И вот как ни парадоксально, но именно эти два, казалось бы, противоположных побуждения: страх и, как результат его, готовность говорить следователю именно то, что хотел бы он услышать, с одной стороны, и благородное (может быть, ложное — псевдоблагородное! — я согласен!) стремление взять чужую вину на себя, с другой, и определили мое поведение на первом допросе. Я думаю, меня может в какой-то степени оправдать только то, что это не была заранее обдуманная и рассчитанная ложь, ложь во имя собственного спасения, сознательная попытка увести следствие от истины, нет, скорее это был мгновенный, неосознанный, чисто инстинктивный импульс, о котором теперь мне остается только сожалеть. Еще раз прошу рассматривать тогдашние мои показания как не соответствующие истине. Как обстояло все на самом деле, я готов подробно и откровенно рассказать в дальнейшем...»

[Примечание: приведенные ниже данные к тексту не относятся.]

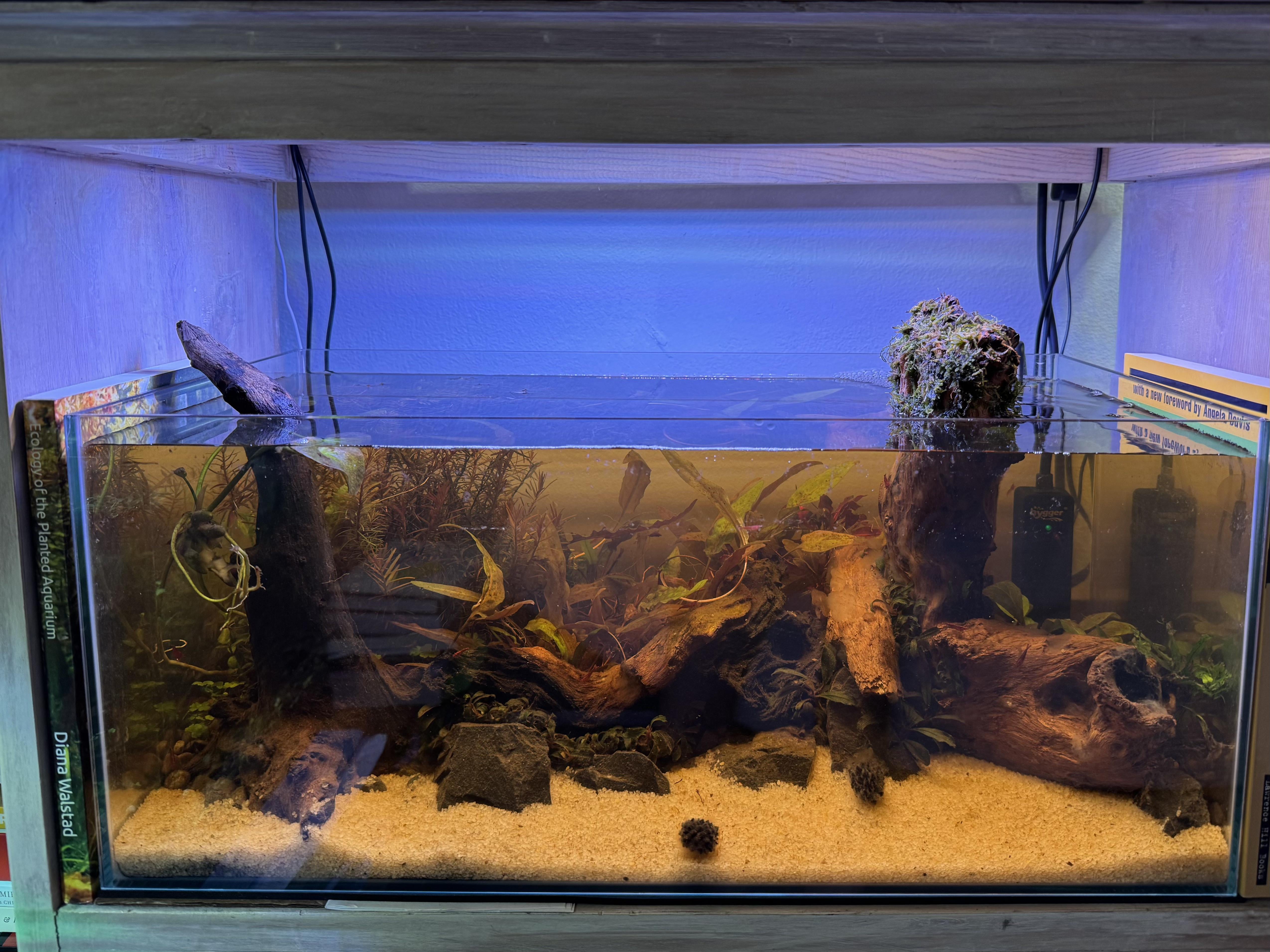 recently added my shrimp (hence the high water level) to my new 6.8 gallon (20” in length) shallow tank! (it has been cycled and nitrogen tested)

Серебряков хмыкнул и покачал головой. Ловко! Исписал три с лишним страницы и фактически умудрился ничего не сказать. Только отрекся от своих прежних показаний. Однако здесь было над чем задуматься.
Конечно, Антоневич не лгал и не преувеличивал, когда писал, что был потрясен, ошарашен своим арестом. Но как раз в том-то состоянии, близком, по его собственному признанию, к шоковому, он, скорее всего, и сказал правду. За это Серебряков мог поручиться. А вот теперь пришел в себя, опомнился, поразмыслил и пожалел о собственной откровенности. Решил поиграть со следствием в прятки. Авось что-нибудь выйдет.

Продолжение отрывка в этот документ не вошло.